Brief:
Copy each line below in which the string "Mange" occurs.

Data for analysis:
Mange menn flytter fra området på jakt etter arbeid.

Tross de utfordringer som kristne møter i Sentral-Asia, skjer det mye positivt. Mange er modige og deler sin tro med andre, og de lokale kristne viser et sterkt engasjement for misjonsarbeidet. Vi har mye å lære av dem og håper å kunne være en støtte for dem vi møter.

...

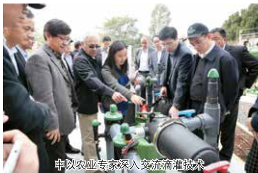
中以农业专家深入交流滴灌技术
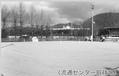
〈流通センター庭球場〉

Task answer:
Mange menn flytter fra området på jakt etter arbeid.
Tross de utfordringer som kristne møter i Sentral-Asia, skjer det mye positivt. Mange er modige og deler sin tro med andre, og de lokale kristne viser et sterkt engasjement for misjonsarbeidet. Vi har mye å lære av dem og håper å kunne være en støtte for dem vi møter.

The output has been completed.